AP Stats Home
Sampling Distributions for Differences in Sample Means
When we are interested in comparing two population means ( $ \mu_1 $ and $ \mu_2 $ ), we often take independent random samples from each population. The difference in the sample means, $ \bar{x}_1 - \bar{x}_2 $ , serves as our point estimate for the true difference in population means. The sampling distribution of this statistic is crucial for making inferences about $ \mu_1 - \mu_2 $ .
Understanding the Sampling Distribution
The sampling distribution of the difference in sample means, $ \bar{x}_1 - \bar{x}_2 $ , describes the distribution of all possible differences in sample means that could occur if we were to repeatedly take independent random samples of specific sizes ( $ n_1 $ and $ n_2 $ ) from two populations.

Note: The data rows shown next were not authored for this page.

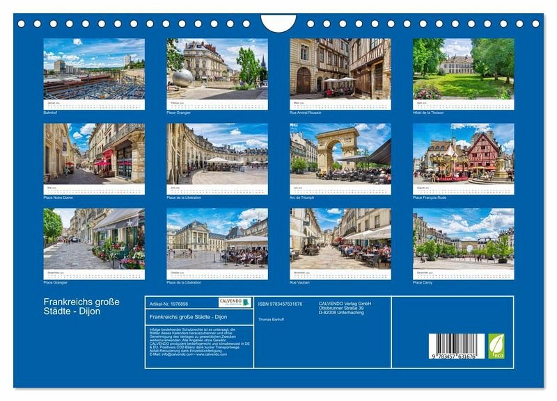 QUALITÄT - Hochwertiger Fotokalender mit 12 wunderschönen Motiven auf lichtbeständigem Bilderdruckpapier, robuste Spiralbindung mit Aufhängebügel.NACHHALTIG - deutliche Abfallreduzierung durch bedarfsgerechte Einzelstückfertigung, umweltfreundliches FSC-zertifiziertes Papier, Produktion in Deutschland, klimabewusste Logistik.PERFEKTES GESCHENK - Kalender für Freunde und Familie, für Kinder und Erwachsene, jung und alt, zu Weihnachten, Geburtstag oder zwischendurch.VIELFALT - Bildkalender in verschiedenen Formaten, z.B. DIN A5, DIN A4, DIN A3 sowie DIN A2. Ob Naturmotiv, Gemälde oder Fotos, ideal für ein persönliches Wohlfühlambiente.Spaziergang durch die wunderschöne Hauptstadt des Burgund von Autor(in): Thomas Bartruff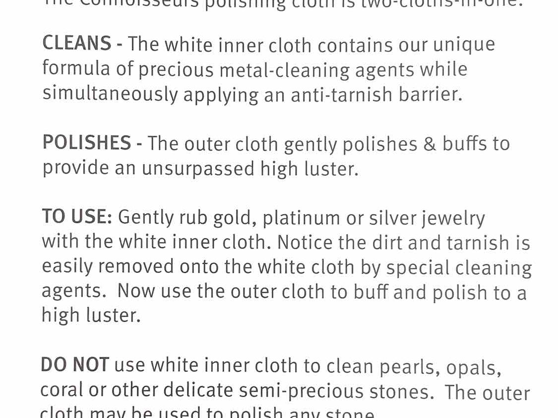 Connoisseurs Jewelry Cleaning Cloth for Gold, Platinum, Silver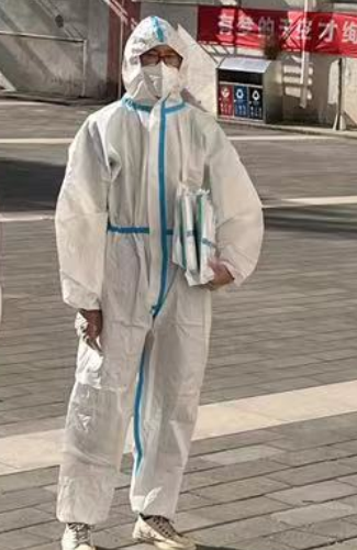 疫情防控工作千变万化,随时都可能会有突发状况。有一次一名学生被定为密接,需要指派老师把该生从学生宿舍转移至校内指定隔离点。这个时候他毫不犹豫地站了出来,穿戴好防护服,前往宿舍承担接送学生的工作。当时他并没有多想什么,只想着赶快把该生转移,保证其他同学的健康和安全。把学生安全送达隔离点后,脱下防护服的那一刻,他已经浑身湿透。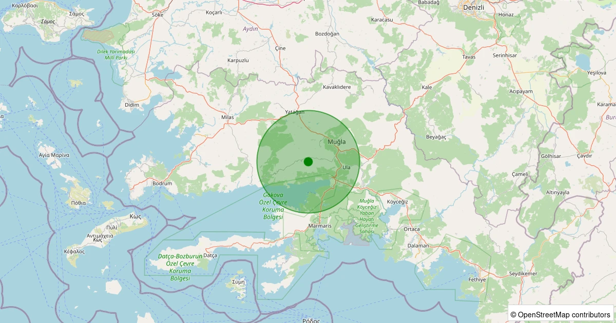 Son 7 gün içinde Menteşe - Yenibağyaka noktasından 100 km yarıçap içerisinde meydana gelen diğer depremler: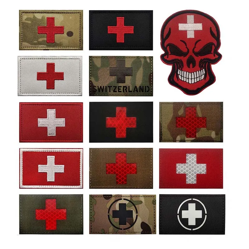 Switzerland Flag Swiss Badge Fabric Applique Embroidery Patches,IR Reflective Emblem Military Tactical Backpack Stickers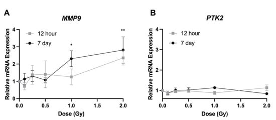 - Chang, P.Y.; Bjornstad, K.A.; Rosen, C.J.; Lin, S.; Blakely, E.A. Particle radiation alters expression of matrix metalloproteases resulting in ECM remodeling in human lens cells. Radiat. Environ. Biophys. 2007, 46, 187–194. [Google Scholar] [CrossRef]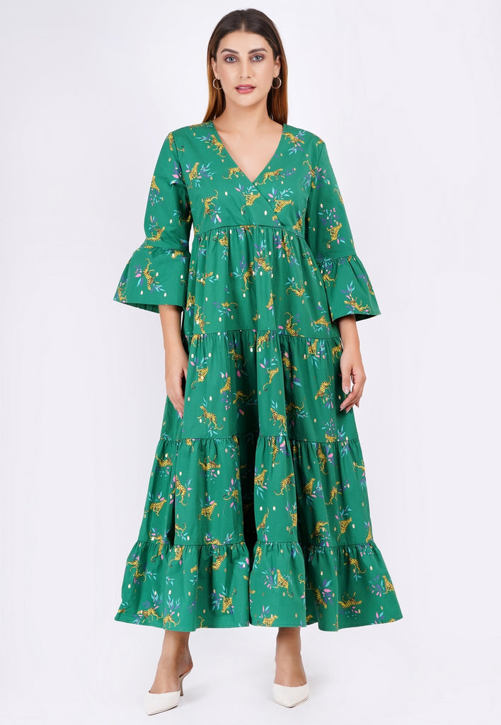 Sariah Poplin Maxi Dress Lucky Cheetah Verdant Green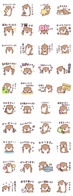 【修正版】カワウソのかわいさ溢れる表情いっぱい!小さなカワウソくんの敬語スタンプが出ました!丁寧なことばのあいさつや気づかいなど、ゆるい敬語で毎日使える内容です。

Mean of the Sampling Distribution
The mean of the sampling distribution of $ \bar{x}_1 - \bar{x}_2 $ is equal to the true difference in the population means:
$$ \mu_{\bar{x}_1 - \bar{x}_2} = \mu_1 - \mu_2 $$
This property holds true provided the samples are independent. This indicates that $ \bar{x}_1 - \bar{x}_2 $ is an Biased and Unbiased Point Estimates|unbiased estimator of $ \mu_1 - \mu_2 $ .
Standard Deviation of the Sampling Distribution
The standard deviation of the sampling distribution of $ \bar{x}_1 - \bar{x}_2 $ is calculated by combining the variances of the individual sample means. Assuming independent samples, we use the formula:
$$ \sigma_{\bar{x}_1 - \bar{x}_2} = \sqrt{\frac{\sigma_1^2}{n_1} + \frac{\sigma_2^2}{n_2}} $$
Where:
- $ \sigma_1 $ and $ \sigma_2 $ are the standard deviations of the two populations.
- $ n_1 $ and $ n_2 $ are the sample sizes from the two populations.
Conditions for using this formula:
- 10% Condition: Both sample sizes $ n_1 $ and $ n_2 $ must be less than 10% of their respective population sizes ( $ N_1 $ and $ N_2 $ ) to ensure independence of observations within each sample and allow us to treat the standard deviation as constant. That is, $ n_1 \le 0.10 N_1 $ and $ n_2 \le 0.10 N_2 $ .
- Independence: The two samples must be independent of each other.
Shape of the Sampling Distribution
The shape of the sampling distribution of $ \bar{x}_1 - \bar{x}_2 $ can be approximated as Normal under certain conditions:
- If both original populations are Normal: The sampling distribution of $ \bar{x}_1 - \bar{x}_2 $ will be approximately Normal regardless of sample sizes ( $ n_1, n_2 $ ).
- If neither or only one original population is Normal: The sampling distribution of $ \bar{x}_1 - \bar{x}_2 $ will be approximately Normal if both sample sizes are sufficiently large (generally $ n_1 \ge 30 $ and $ n_2 \ge 30 $ ). This is due to the The Central Limit Theorem.
Conditions for Inference with Differences in Sample Means
When performing inference (e.g., constructing Confidence Intervals for the Difference of Two Means or Setting Up a Test for the Difference of Two Population Means), we must check the following conditions:
- Random Condition:
- The data must come from two independent random samples, or the data must come from two groups in a randomized experiment.
- 10% Condition:
- When sampling without replacement, $ n_1 \le 0.10 N_1 $ and $ n_2 \le 0.10 N_2 $ to ensure independence within samples.
- Normal/Large Sample Condition:
- Both population distributions are Normal, OR
- Both sample sizes are large ( $ n_1 \ge 30 $ and $ n_2 \ge 30 $ ), OR
- Graphs of the sample data (e.g., dot plots, histograms, box plots) show no strong skewness or outliers for either sample. (This is especially important for smaller sample sizes if the population distribution is unknown).
Summary Table of Sampling Distribution Characteristics
Characteristic | Formula/Rule | Conditions |
---|---|---|
Mean ( $ \mu_{\bar{x}_1 - \bar{x}_2} $ ) | $ \mu_1 - \mu_2 $ | Independent Samples |
Std. Dev. ( $ \sigma_{\bar{x}_1 - \bar{x}_2} $ ) | $ \sqrt{\frac{\sigma_1^2}{n_1} + \frac{\sigma_2^2}{n_2}} $ | 10% Condition for both samples ( $ n_1 \le 0.10 N_1 $ , $ n_2 \le 0.10 N_2 $ ) AND Independent Samples |
Shape | Normal | Both populations are Normal, OR $ n_1 \ge 30 $ and $ n_2 \ge 30 $ (by The Central Limit Theorem), OR graphical displays show no strong skew/outliers |
Understanding this sampling distribution is fundamental for constructing confidence intervals and performing hypothesis tests to compare two population means.